Author(s)
Term
10. term
Publication year
2010
Submitted on
2010-06-08
Pages
161 pages
Abstract
Urban planning strategies for climate change are moving beyond mitigation and beginning to encompass adaptation as well. As adaptation concerns move higher up the policy agenda, planners and policy makers will be faced with difficult choices about how to effectively craft responses that take into account a wide range of societal concerns spanning the spectrum of sustainable development, including issues relating to intra- and intergenerational equity, environmental health and economic stability (Adger W. N., 2009). Moreover, it is becoming increasingly clear that climate change is intimately bound up with development paths (IPCC, 2007; Sathaye, et al., 2007), implying that the traditional focus on energy and environmental planning may be misplaced. Planning literature has only recently begun to attend to these issues (Howard, 2009) and there are a number of potential synergies, conflicts and trade-offs that will have to be made between mitigation, adaptation and development goals, sustainable or otherwise.

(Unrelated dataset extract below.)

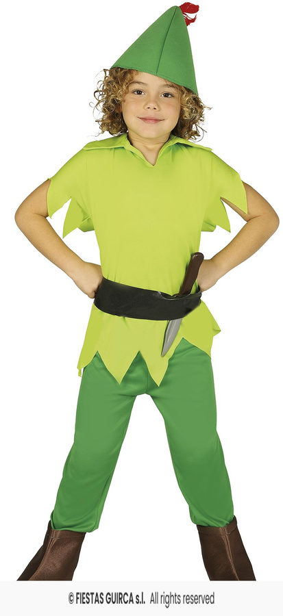 Strój Robin Hood / Piotruś Pan od Guirca w intensywnie zielonym kolorze to idealny wybór dla chłopców, którzy chcą wcielić się w odważnego bohatera lub sprytnego skrzata. Doskonały na przebierane przyjęcia, karnawał, Halloween czy zabawy tematyczne.

The following study is an exploratory, comparative case study of Copenhagen Metropolitan region, and Portland, Oregon, Metropolitan region that was conducted with the intention of mapping out and describing the main intersecting and diverging lines between: 1) climate mitigation and adaptation goals and 2) climate goals and other urban and socio-economic development goals. The main findings suggest that planners in the main treat mitigation and adaptation as distinct policy issues and while there is some evidence that cities attempt to link climate change strategies to other, pre-existing planning goals for denser, more sustainable development and mobility patterns, there are still substantial policy conflicts left unresolved.